• _DATA FOR THIS TASK_:

━━━━━━

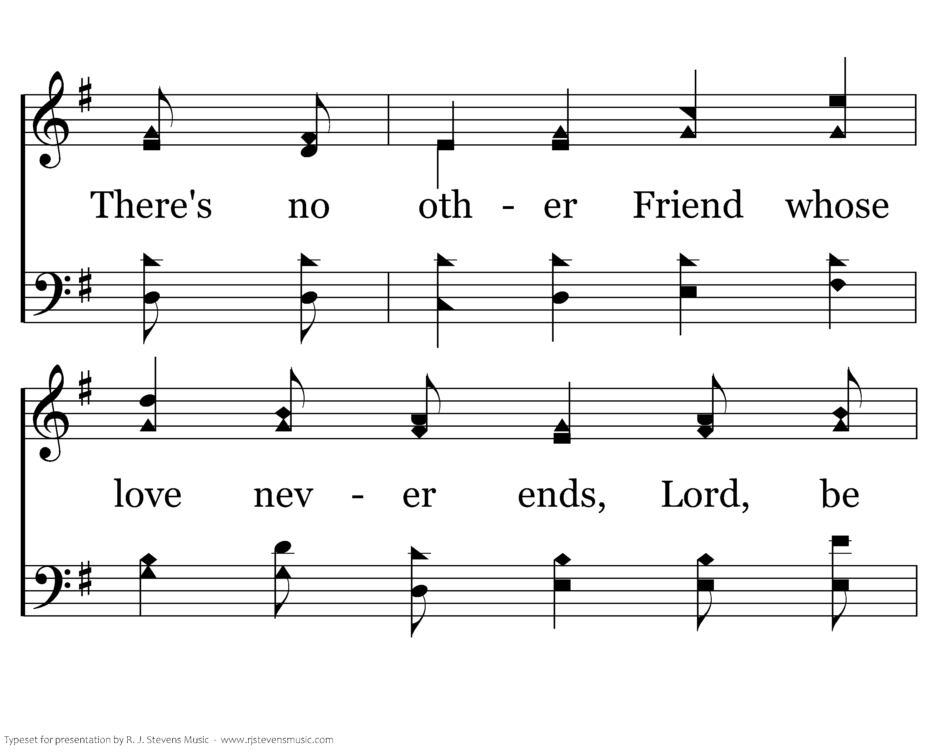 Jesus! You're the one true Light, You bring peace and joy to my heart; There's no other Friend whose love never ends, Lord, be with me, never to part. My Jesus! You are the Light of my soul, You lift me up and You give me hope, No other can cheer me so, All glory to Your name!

━━━━━━

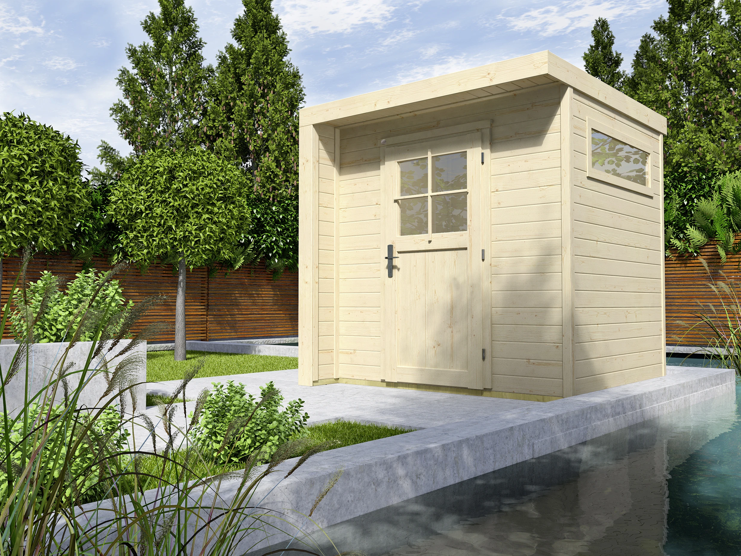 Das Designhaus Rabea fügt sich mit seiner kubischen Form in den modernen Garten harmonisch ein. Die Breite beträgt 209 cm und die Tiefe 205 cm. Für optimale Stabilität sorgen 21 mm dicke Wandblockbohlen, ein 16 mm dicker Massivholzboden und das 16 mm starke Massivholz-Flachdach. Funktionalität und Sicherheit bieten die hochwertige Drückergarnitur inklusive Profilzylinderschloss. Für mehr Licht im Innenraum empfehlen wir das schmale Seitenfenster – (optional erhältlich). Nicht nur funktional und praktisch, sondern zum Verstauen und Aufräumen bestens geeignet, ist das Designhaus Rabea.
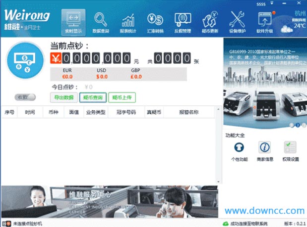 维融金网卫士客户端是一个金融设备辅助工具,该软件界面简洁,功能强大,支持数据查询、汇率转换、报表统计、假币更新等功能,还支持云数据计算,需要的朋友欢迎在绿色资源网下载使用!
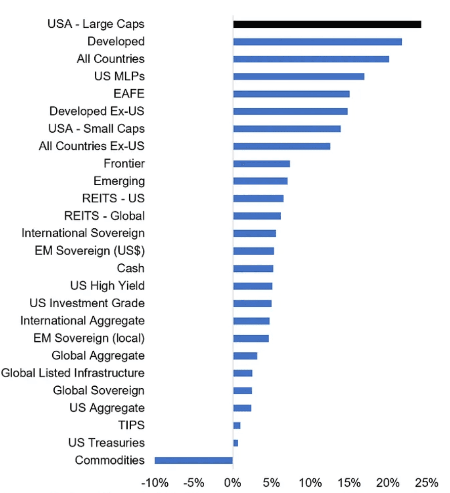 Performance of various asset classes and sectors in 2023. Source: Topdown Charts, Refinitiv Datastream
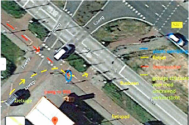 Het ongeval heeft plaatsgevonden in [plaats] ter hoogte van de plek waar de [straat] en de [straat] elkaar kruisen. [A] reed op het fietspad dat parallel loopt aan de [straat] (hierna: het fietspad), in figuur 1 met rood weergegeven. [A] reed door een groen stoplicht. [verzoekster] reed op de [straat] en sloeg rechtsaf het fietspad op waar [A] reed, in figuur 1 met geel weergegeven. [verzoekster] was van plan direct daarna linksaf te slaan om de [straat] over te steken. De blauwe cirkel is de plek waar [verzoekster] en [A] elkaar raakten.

━━━━━━

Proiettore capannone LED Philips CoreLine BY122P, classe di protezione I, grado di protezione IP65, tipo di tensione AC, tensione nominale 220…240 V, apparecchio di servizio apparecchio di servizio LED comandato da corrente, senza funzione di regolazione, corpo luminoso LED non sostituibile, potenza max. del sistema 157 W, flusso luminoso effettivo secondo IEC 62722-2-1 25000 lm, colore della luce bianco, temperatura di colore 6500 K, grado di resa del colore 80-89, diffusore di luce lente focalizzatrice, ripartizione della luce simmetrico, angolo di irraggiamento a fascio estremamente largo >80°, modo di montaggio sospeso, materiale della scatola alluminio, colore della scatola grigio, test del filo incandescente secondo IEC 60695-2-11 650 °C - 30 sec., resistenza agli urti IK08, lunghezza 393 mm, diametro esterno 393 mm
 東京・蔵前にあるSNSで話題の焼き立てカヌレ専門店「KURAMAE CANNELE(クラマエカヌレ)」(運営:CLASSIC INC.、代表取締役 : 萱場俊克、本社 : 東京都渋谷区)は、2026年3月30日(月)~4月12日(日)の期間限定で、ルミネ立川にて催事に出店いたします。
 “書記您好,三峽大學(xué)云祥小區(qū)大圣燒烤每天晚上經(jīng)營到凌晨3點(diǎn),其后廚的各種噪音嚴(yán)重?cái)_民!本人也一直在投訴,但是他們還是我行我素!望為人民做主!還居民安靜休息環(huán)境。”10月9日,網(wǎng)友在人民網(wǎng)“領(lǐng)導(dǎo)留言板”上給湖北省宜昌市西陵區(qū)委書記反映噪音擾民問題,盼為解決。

━━━━━━

• _ACTION ITEM_:
Would you copy the lines above exactly, starting with the one that has "维融金网卫士客户端是一个金融" and ending with the one that has "Het ongeval heeft", both included, without the pictures?

• _YOUR RESPONSE_:
 维融金网卫士客户端是一个金融设备辅助工具,该软件界面简洁,功能强大,支持数据查询、汇率转换、报表统计、假币更新等功能,还支持云数据计算,需要的朋友欢迎在绿色资源网下载使用!
 Performance of various asset classes and sectors in 2023. Source: Topdown Charts, Refinitiv Datastream
 Het ongeval heeft plaatsgevonden in [plaats] ter hoogte van de plek waar de [straat] en de [straat] elkaar kruisen. [A] reed op het fietspad dat parallel loopt aan de [straat] (hierna: het fietspad), in figuur 1 met rood weergegeven. [A] reed door een groen stoplicht. [verzoekster] reed op de [straat] en sloeg rechtsaf het fietspad op waar [A] reed, in figuur 1 met geel weergegeven. [verzoekster] was van plan direct daarna linksaf te slaan om de [straat] over te steken. De blauwe cirkel is de plek waar [verzoekster] en [A] elkaar raakten.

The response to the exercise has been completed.